When the World Wide Web went live in 1991, there were fewer than ninety adult magazines in American circulation, of which maybe a given newsstand would carry a handful or so beneath the counter or hidden away in wrapped covers in the back.
Only six years later, the internet had some nine-hundred porn sites.
Today, there are more than 2.5 million adult sites available at a click of your mouse.
Porn, more than ever, is everywhere.
The variety and ease in which you can get it is staggering. Just take a look at Porn MD, a site dedicated to the constant, never-ending, real-time stream of online searches on Porn Hub. Comedian Richard Jeni once said, "The Web brings people together because no matter what kind of twisted sexual mutant you happen to be, you've got millions of pals out there." And it seems to be true. From "Asian mouthful" to "toilet poop," the diversity of what people are looking for is amazing.
And a little strange to think about.
And people are thinking about it.
We are obsessed with porn right now.
And, I'll admit, I'm no different.
This week, my cubemate gave me the homework assignment to watch Joseph Gordon-Levitt's film Don Jon about a man who has a porn compulsion that impedes him from forming lasting and meaningful relationships or even enjoying sex with women--a not so uncommon phenomenon, if my years of listening to and reading Dan Savage are any indication.
Despite the expansive, near-infinite potential for connection the internet and modern technology provides, it seems that many of us are feeling more and more isolated and disconnected.
Don Jon does an excellent job of presenting this. The people in Jon's life are pretty interchangeable. His family talks at each other more than with each other, descending into shouting matches over meaningless things. His friends pretty much only play a never-ending game of hot-or-not at clubs. You never see his coworkers. The other drivers he shouts at and weaves through in traffic all exist outside the metallic bubble of his car. The women he sleeps with are treated like a constant stream of disposable, rather perfunctory sex toys--more a catalog of parts than a person--much like the ones he views online. Even the priests he confesses to are faceless and impersonal as he spills his sin-filled stories to whomever will listen and absolve him as easily as emptying his computer's trash.
It's no wonder that, when he tries to form a relationship with the perfect 10, "dime" Barbara, he doesn't really know how.
It isn't until he meets Esther, who challenges him to think beyond one-sided relationships, that he's able to see his life for the rather shallow, empty, lonely existence it is.
Now don't get me wrong; I like the message about isolation and connection in this film.
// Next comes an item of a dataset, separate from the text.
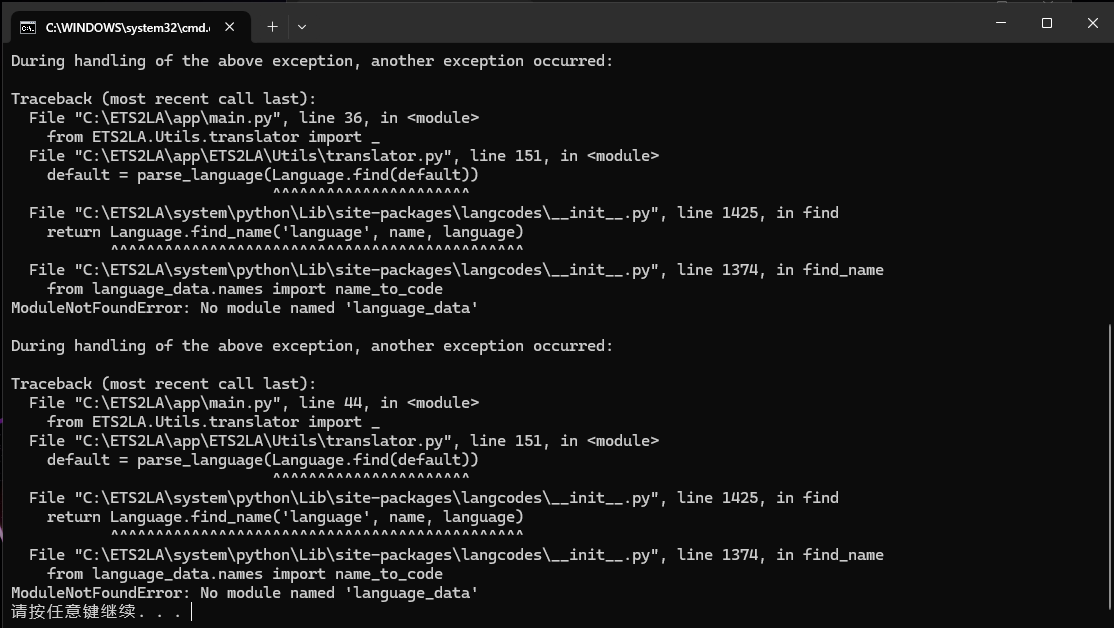 运行软件外方式更新时不要运行ETS2LA,否则可能会出错
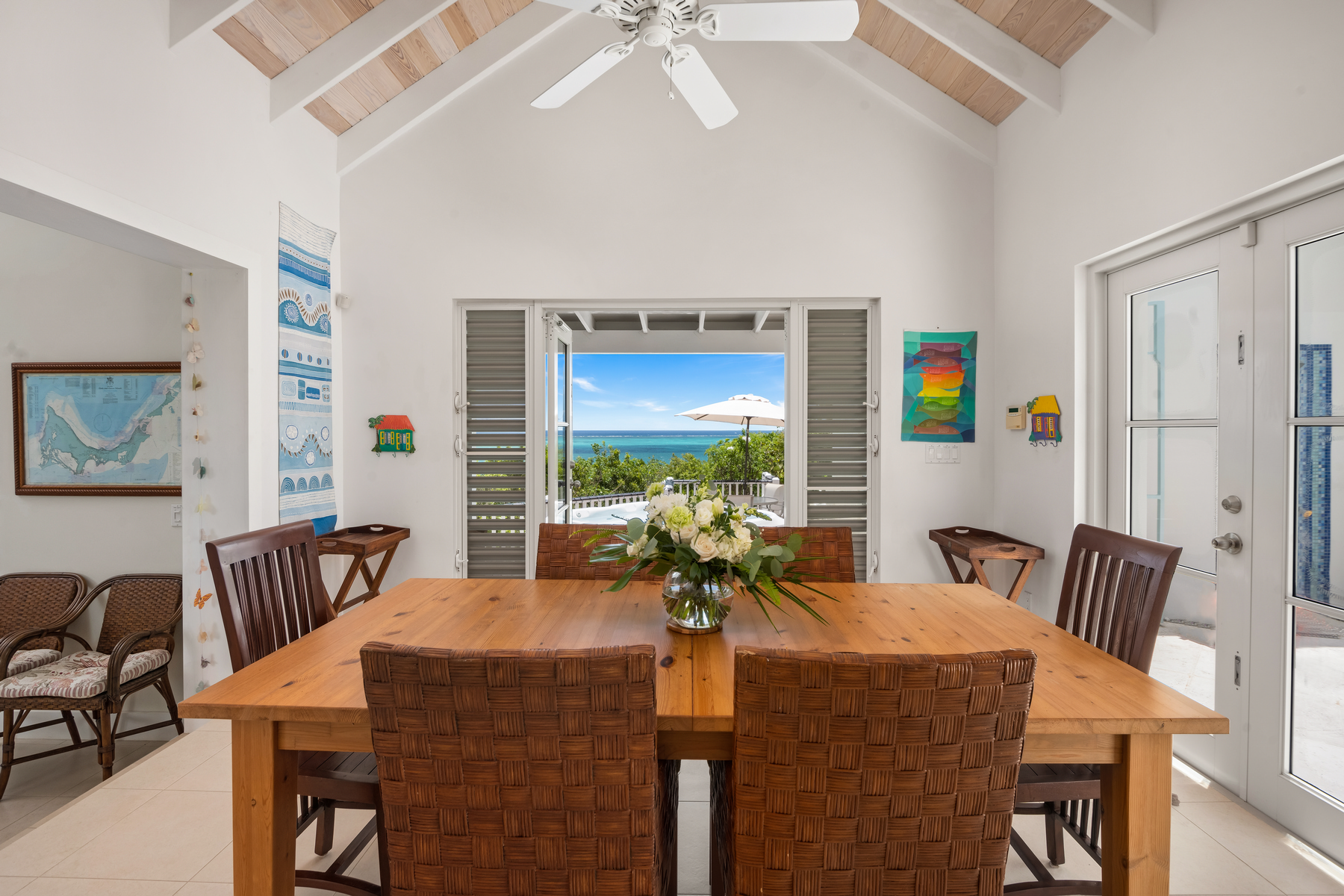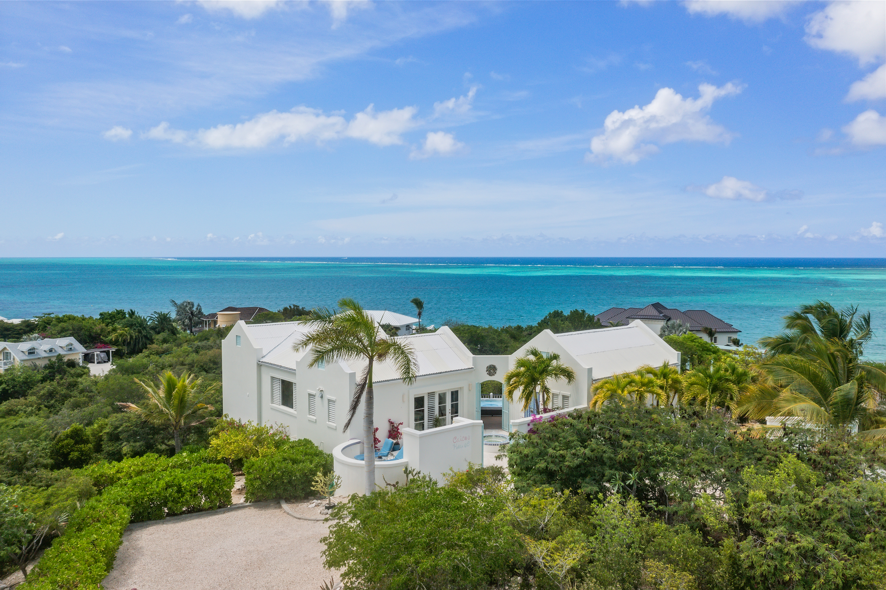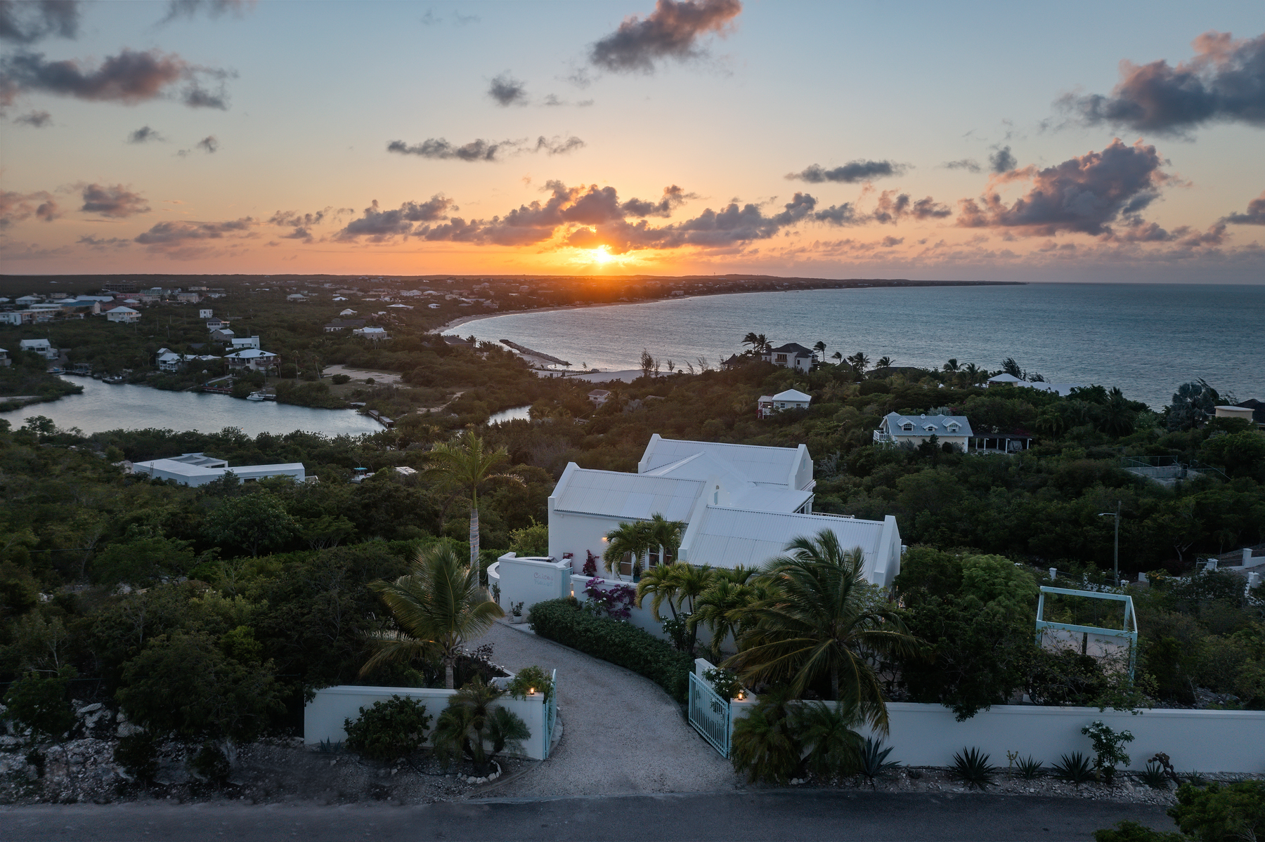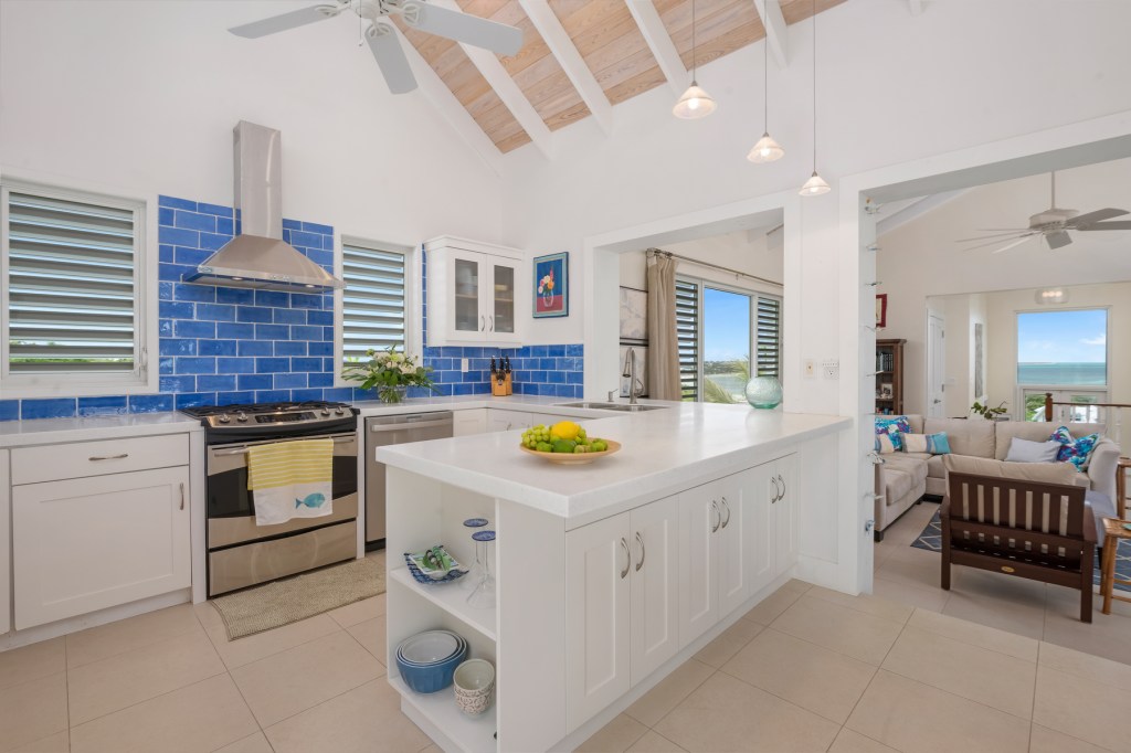 Impressive ocean views situated at 80 feet above sea level on the west side of Blue Mountain in Thompson Cove, ‘Caicos House’ offers a vista of spectacular sunrises, sunsets and views from Northwest Point to North Caicos.

I think it has so many moments of real insight on this social trend. Like how easy it is to be unduly harsh when you're so far removed from the people you're judging. Like how chick flicks are messing with the romance and sex narrative as much as porn is. Like how the relationship between porn and sex and religion and mortality is pretty arbitrary and logic-less.
Yes, it's hard not to relate to at least some of this. To not see bits of yourself and the people you know in these eccentricities.
But the movie's constant stigmatization of porn...
For all Jon's shortcomings, the film seems to pin all their blame on porn. As if porn is responsible for his family issues and road rage and lack of ambition and over-indulgent obsession with his over-groomed looks. You just want to scream at the movie, "For the love of Jenna Jameson, it's just porn!"
And it felt so odd that there's either overkill or nothing when it comes to porn viewing. Either Jon's visiting 46 porn sites and masturbating 11 times in a day or he's cutting it cold turkey because he's found himself the glass slipper of pussy, be it the "dime" Barbara or the salvation of old-school Esther. The movie doesn't seem to allow the possibility for normal, healthy porn habits. Doesn't seem to acknowledge that porn can have its purpose. So much of it seemed like a modern take on Mormon masturbation-ban tactics or some NoFap sales pitch.
The movie just kept asking, "What do you need porn for when you can have real sex?"
What a ridiculous question! That's like asking why we need books and TV and movies and imagination in general when we have real life.
Escapism isn't by nature a bad thing. In fact, a little escapism is healthy and good for you, so long as you don't use it to ignore or completely misinform your perception of real life. A person can balance both a grounding in reality and an indulgence in fantasy. Even when it comes to porn. A person can even use porn to enhance their real life sex life. Why should you ever have to choose one or the other?
After all, studies are showing that "whether or not we use porn is not nearly as significant to our relationship as whether or not we are truthful about it." So perhaps this sexual boogeyman would be less scary--feel less like a threat or a detriment or an addiction--if we all just stopped hiding it in closets or on erased browser histories and learned to live--honestly and openly--with it.
'Cause I highly doubt porn is going anywhere.